The Hot Rock at 50: Robert Redford’s Most Underrated Heist Movie

For someone cited as Hollywood’s golden boy for a grand portion of his acting career, Robert Redford sure enjoyed playing characters who liked stealing stuff. Drawn to the idea of the outlaw life from an early age, his cinematic crimes were often dashing and romantic, Robin Hood-esque in nature. Whatever he did, you’d root for him. You’d have to—he’s Robert Redford!
Sandwiched in his filmography between Butch Cassidy and The Sundance Kid and The Sting—two thievery movies, both co-starring Paul Newman, that played a big part in making Redford a megastar—is the far less famous The Hot Rock, based on a novel by Donald Westlake and directed by Peter Yates. Though it was met with resounding shrugs upon its release 50 years ago, the film’s abundant charm makes it well worth a revisit.

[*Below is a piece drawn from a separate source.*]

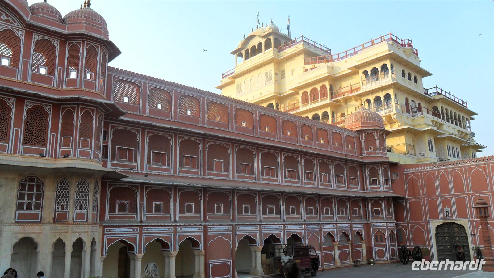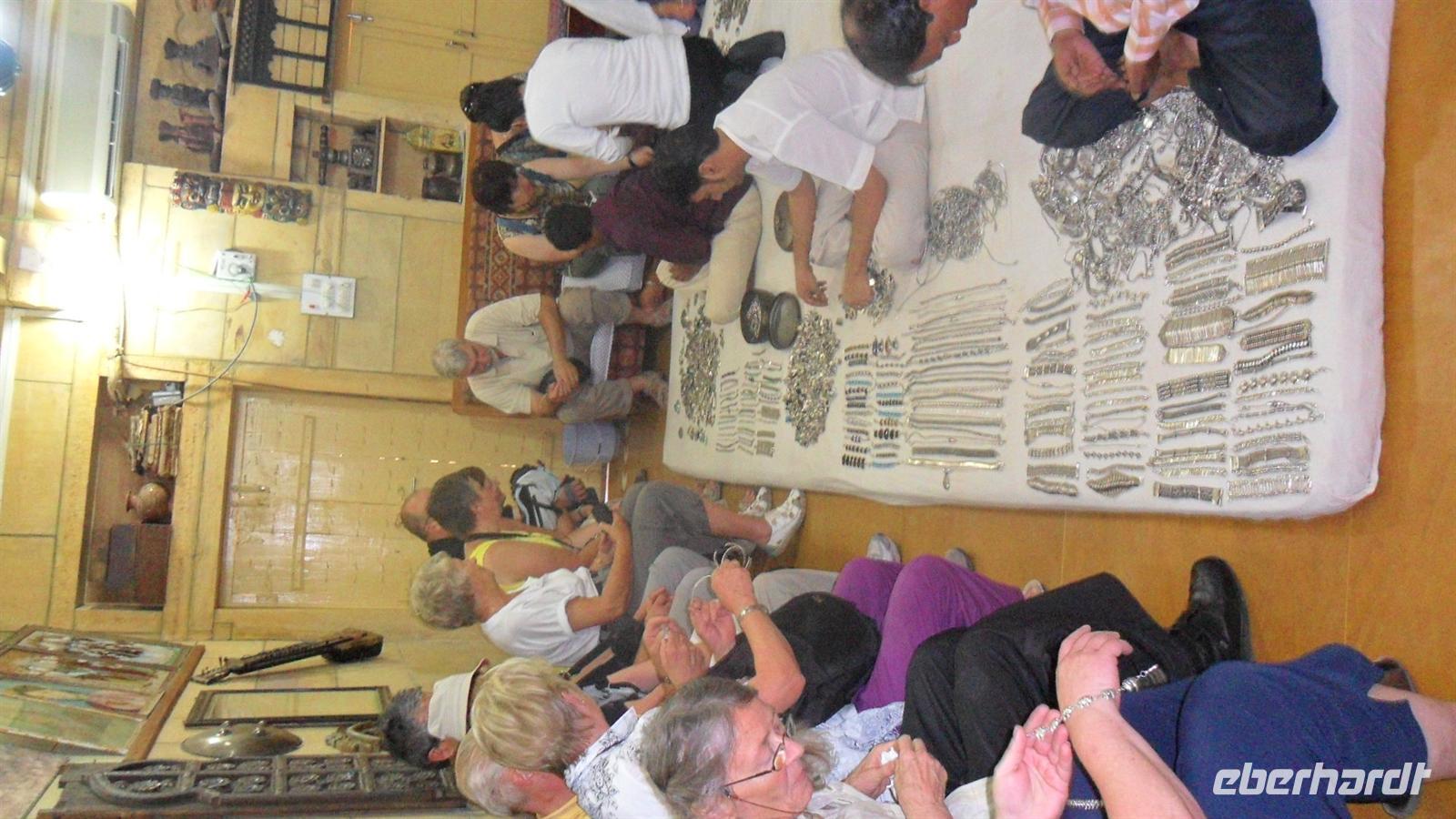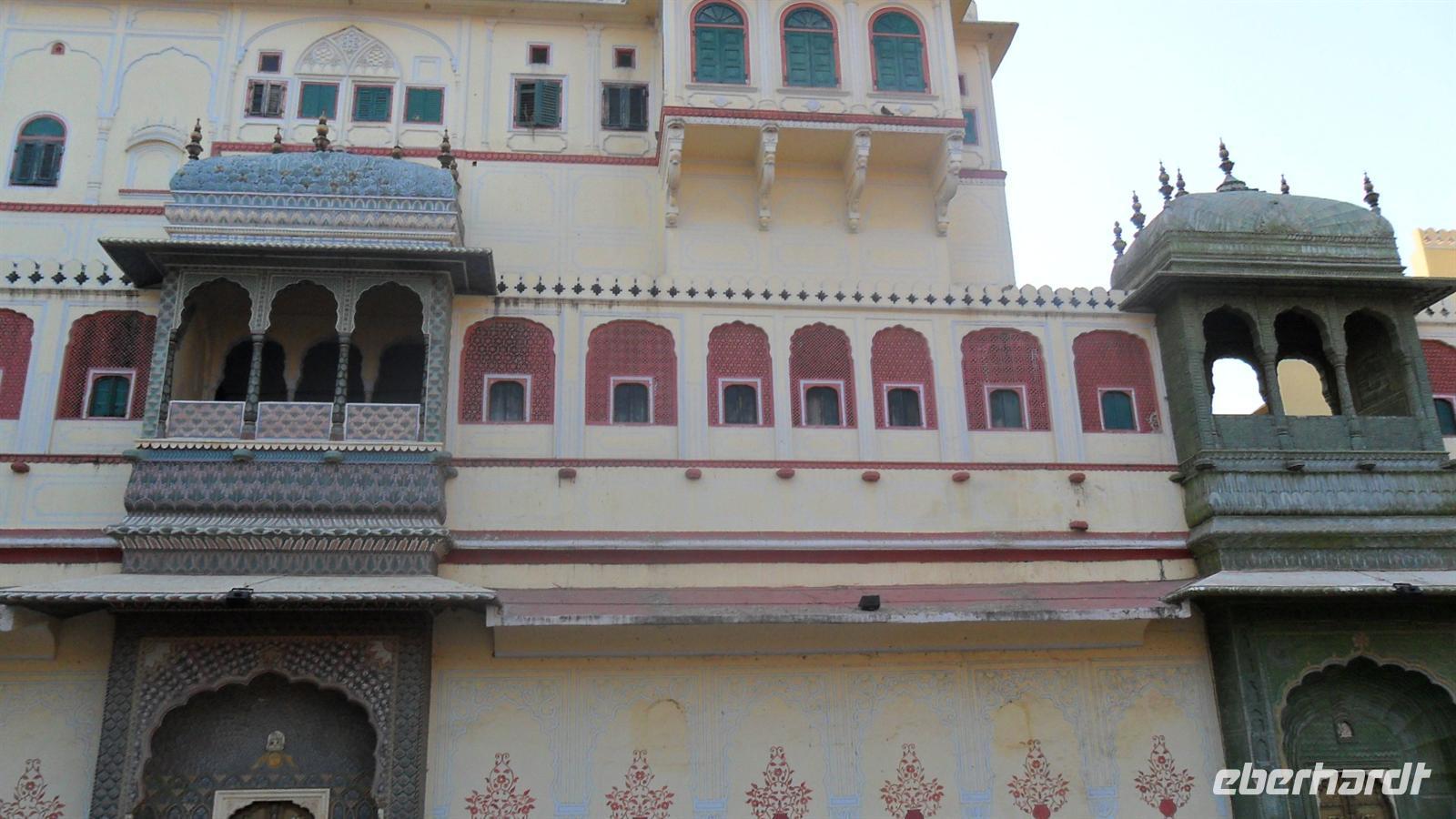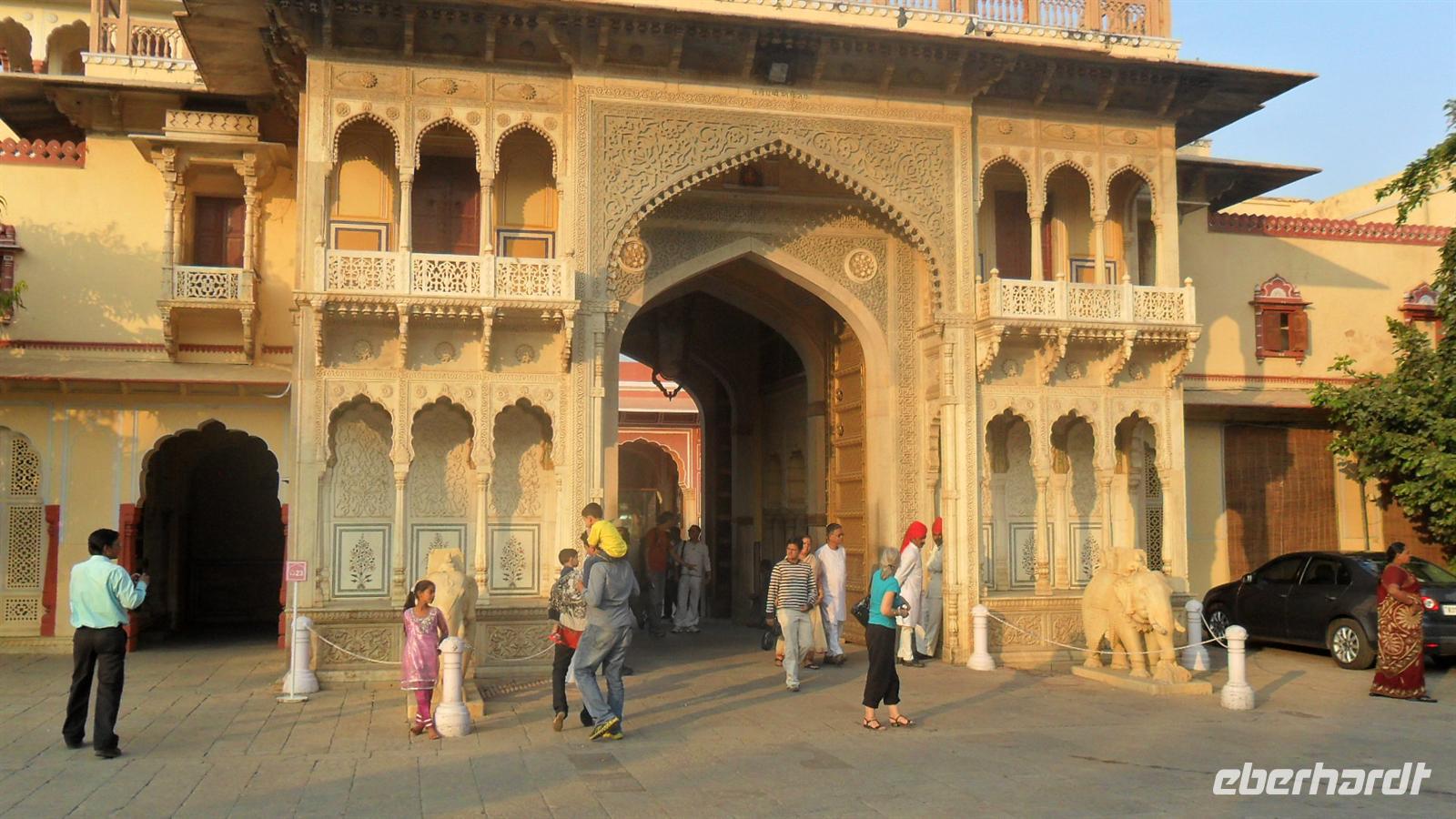 Nach Jai Singhs Observatorium besuchten wir noch den Stadtpalast. In einem Teil davon wohnt der Maharadschah von Jaipur noch immer. Der größte Teil des Gebäudekomplexes ist aber zu besichtigen und enthält eine Bilderausstellung, ein Textilmuseum und eine Kollektion historischer Waffen. Nach etwas Freizeit außerhalb des Palastes - letzte Gelegenheit für Fotos vom quirligen Leben in Rajasthans Metropole - fanden wir uns noch zusammen zu einem Besuch in einem Textilzentrum, in dem wir in die Geheimnisse des indischen Teppichknüpfens und des Vielfarbdrucks mit Pflanzenfarben eingeführt wurden,

We meet Redford’s character, Dortmunder, as he’s being released from the latest of his many stints in prison for robbery. Picking him up—and, in a typically clumsy move, almost running him down in a freshly stolen car—is his locksmith brother-in-law Kelp (George Segal). In addition to a lift, Kelp offers him an opportunity: A precious stone resides in the Brooklyn Museum, which belongs to the (fictional) country of Dr. Amusa (Moses Gunn), who would very much like the stone back and is willing to pay handsomely to make it happen.

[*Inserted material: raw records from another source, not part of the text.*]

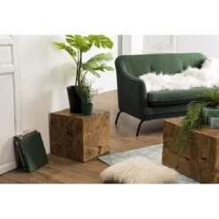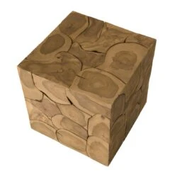 Le Cube 40x40cm bois Teck nature SUVA est la table d’appoint idĂ©ale. Ce meuble 100% bois est une vĂ©ritable oeuvre d’art ! Les morceaux de Teck qui le composent dĂ©voilent des noeuds et des volumes bruts et naturels.
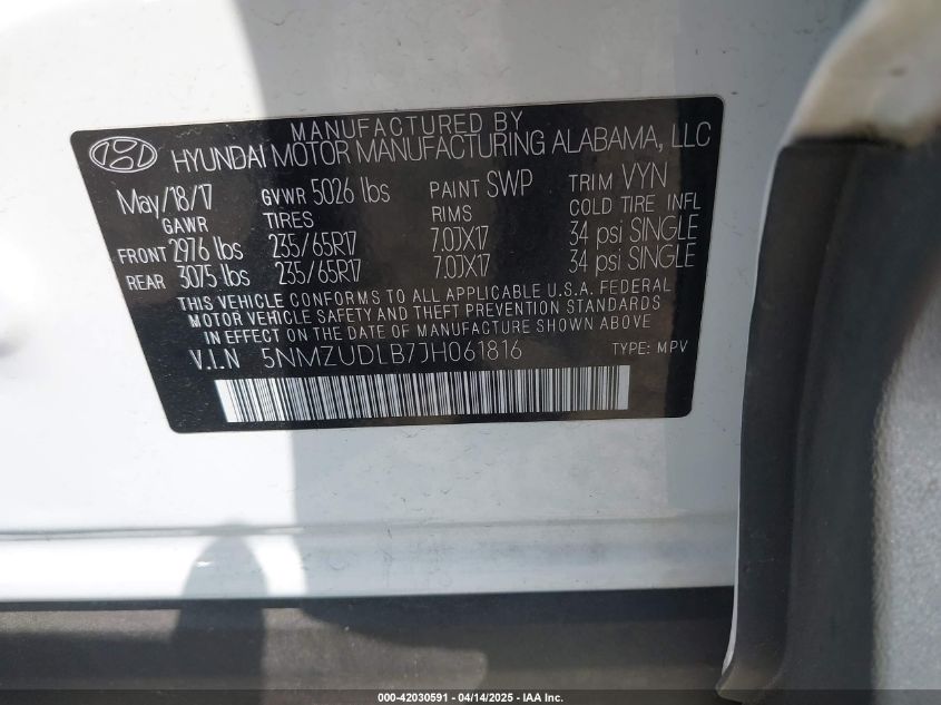 2018 HYUNDAI SANTA FE - 5NMZUDLB7JH061816, колір - Білий, 2.4, Бензин, Повний привід із США
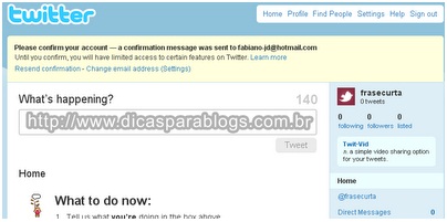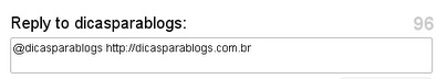Essa foi a parte de criação do seu perfil no Twitter, agora é só voltar a pagina principal, encontrar seus amigos ou fazer novos e usar essa rede social, lembrando que as mensagens que envia não poderão passar de 140 caracteres. Se quiser enviar uma mensagem direta para alguma pessoa na tela inicial escreva @nome e dar um espaço, claro que usando o nome que está no perfil de quem você quer falar. Verá que o titulo muda automaticamente para reply to...

Dortmunder is initially reluctant to leap straight into another risky job so soon after gaining his freedom, but the relentless enthusiasm of his brother-in-law and his conviction in his own abilities changes his mind. Dortmunder and Kelp recruit explosives expert Greenberg (Paul Sand) and getaway driver Murch (Ron Leibman), and after weeks of careful preparation, the four men carry out the job. It goes terribly, but never ones to accept defeat, they try again. And again. As their efforts are met with an increasingly absurd array of obstacles, the group’s determination only grows. Will they ever get their hands on that darn stone?

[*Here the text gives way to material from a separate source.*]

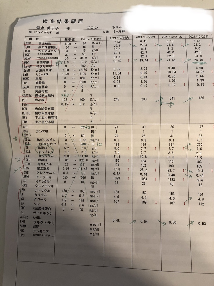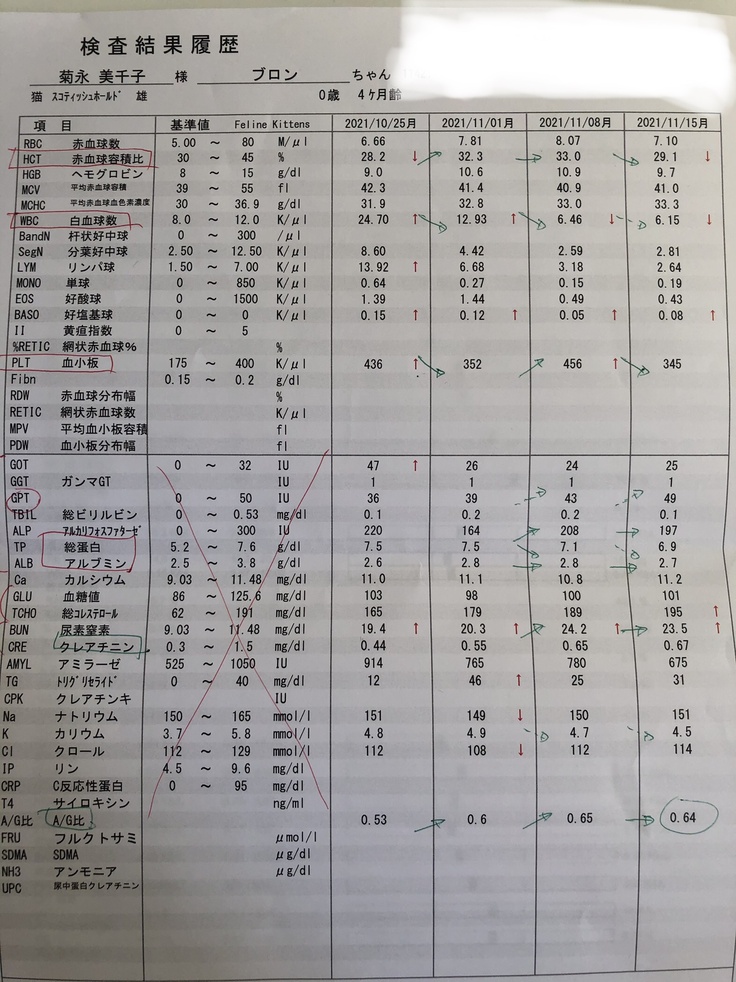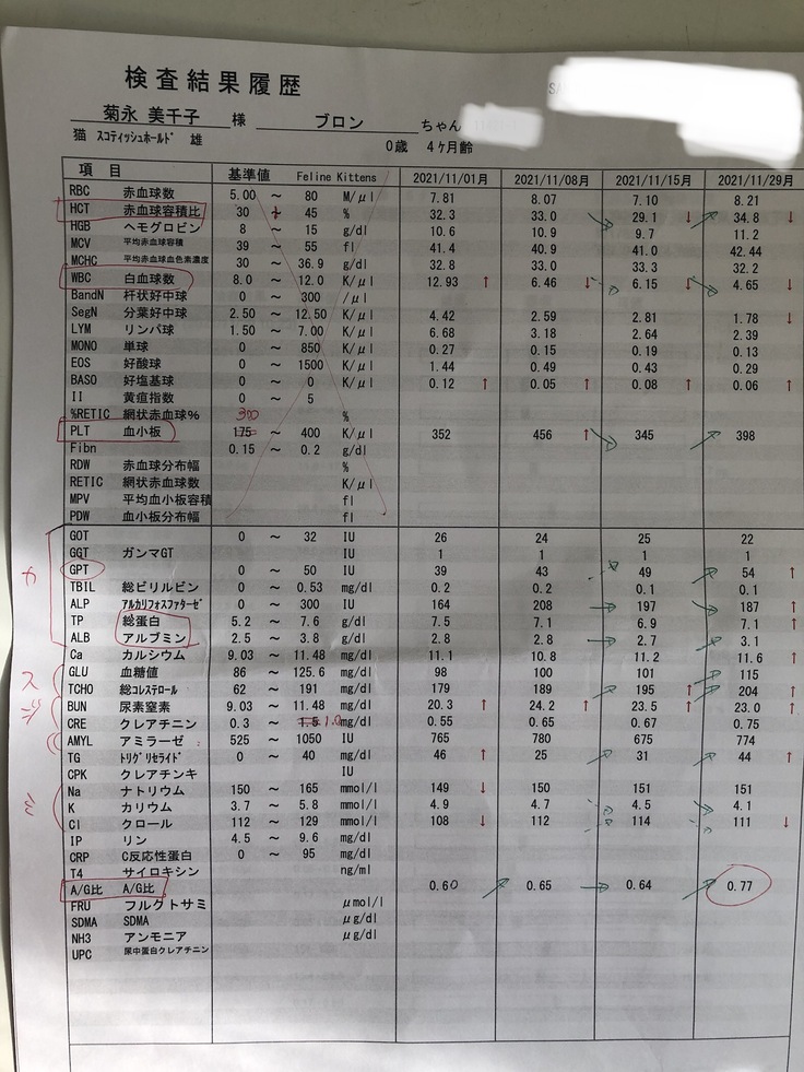 血液検査 赤血球容積比 32.5↑、白血球数 12.93↓、A/G比 0.6に上昇!(目標0.7)
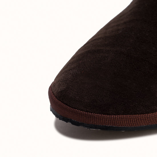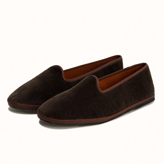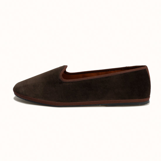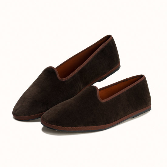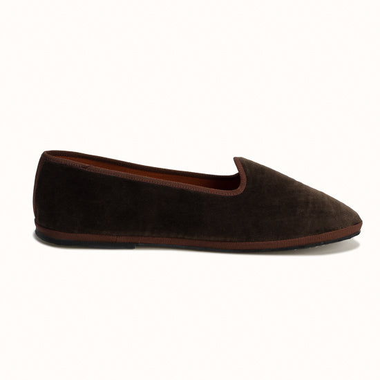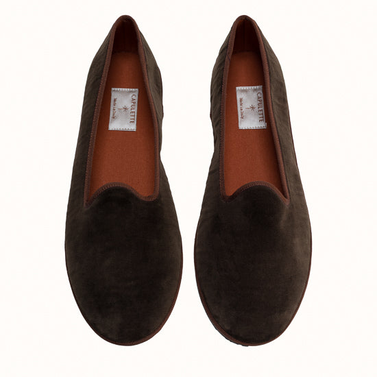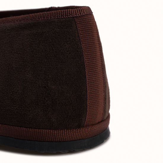 Friulane en velours marron foncé et rebords en gros grain ton sur ton.

While The Hot Rock opens like a traditional heist movie (the idea, the assembling of the gang, the casing of the joint, the robbery) almost before we realize it, we’ve entered the realm of the ridiculous. There’s a real boiling-a-frog logic to the film’s snowballing lunacy; we need to get to a place where we’d accept a hypnotist and the phrase “Afghanistan Banana Stand” as the solution to our quartet’s woes, and somehow—via double-crossing dads, uncomfortable bowel movements and nauseating helicopter rides—we do.